Until the 18th century, demand for sulfuric acid was slight; small amounts were consumed in preparing nitric and hydrochloric acids for use in treating or assaying nonferrous metals. It was produced, for the most part, by burning sulfur in bell-shaped earthenware vessels, with the resulting sulfur dioxide absorbed in water. In the 17th century, saltpeter and sodium nitrate were found to enhance the reaction; they served as catalysts, unbeknownst to the chemical producers of that time.

In 1746, John Roebuck, an English physician, built a boxlike chamber from riveted sheets of lead, the only inexpensive metal known at the time that was resistant to sulfuric acid. In such a lead chamber, Roebuck could produce a hundred pounds or more of sulfuric acid at a time, compared with only a few pounds possible in a glass jar.

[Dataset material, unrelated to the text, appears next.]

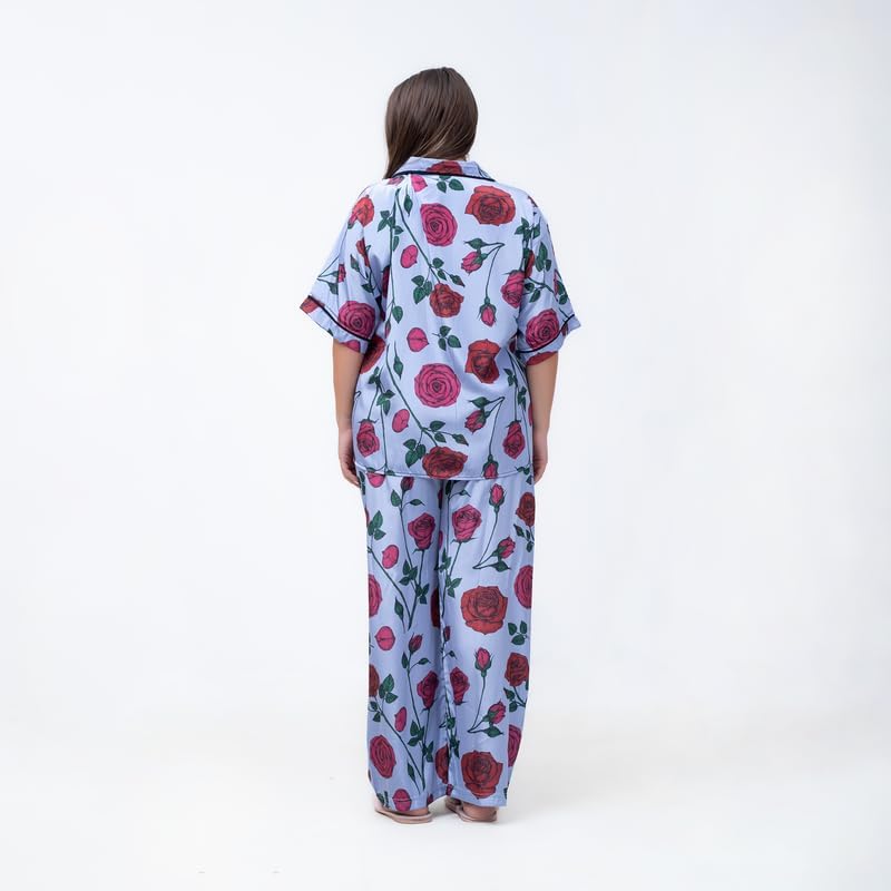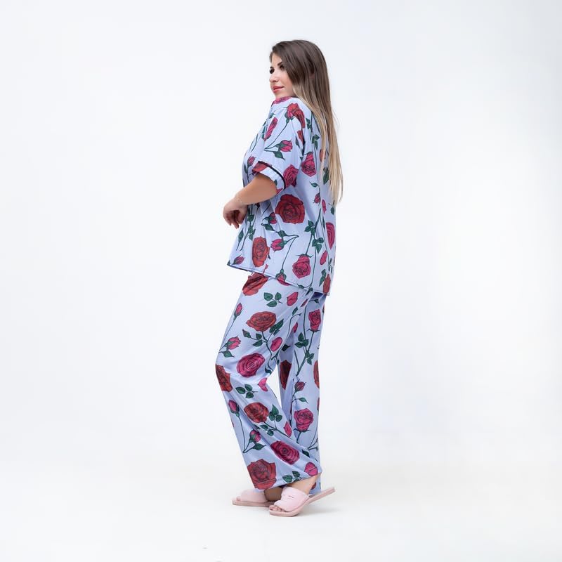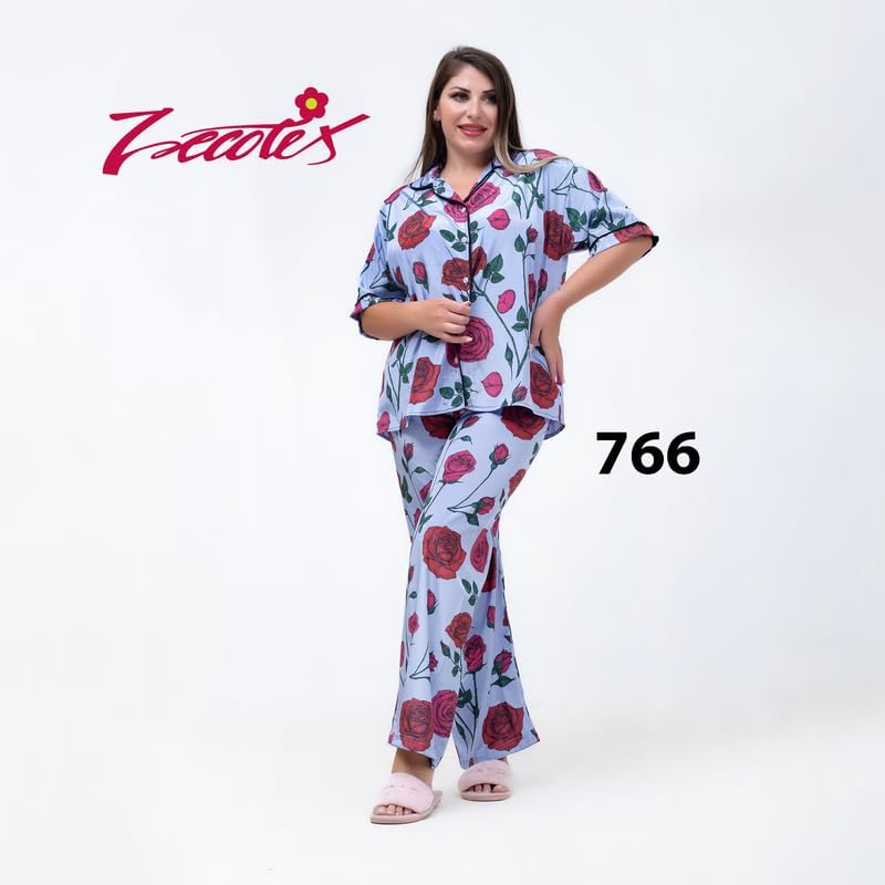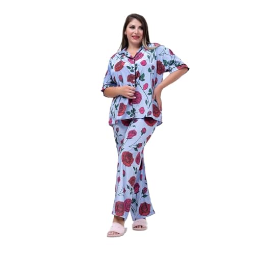 ZECOTEX - بيجامة ساتان صيفي من زدكوتكس مزينة بزهور ومزودة بأزرار

 In 1827, the French chemist Joseph-Louis Gay-Lussac devised a tower that recovered most of the nitrogen oxide gases formed, thereby reducing consumption of saltpeter. The first Gay-Lussac tower was installed at a plant in France in 1837. But its use was not widespread until John Glover invented a second type of tower, patented in England in 1859, in which the acid was concentrated and more of the nitrogen oxides were recovered. By the 1870s, the Glover–Gay-Lussac system was used with lead chambers in Britain and throughout Europe.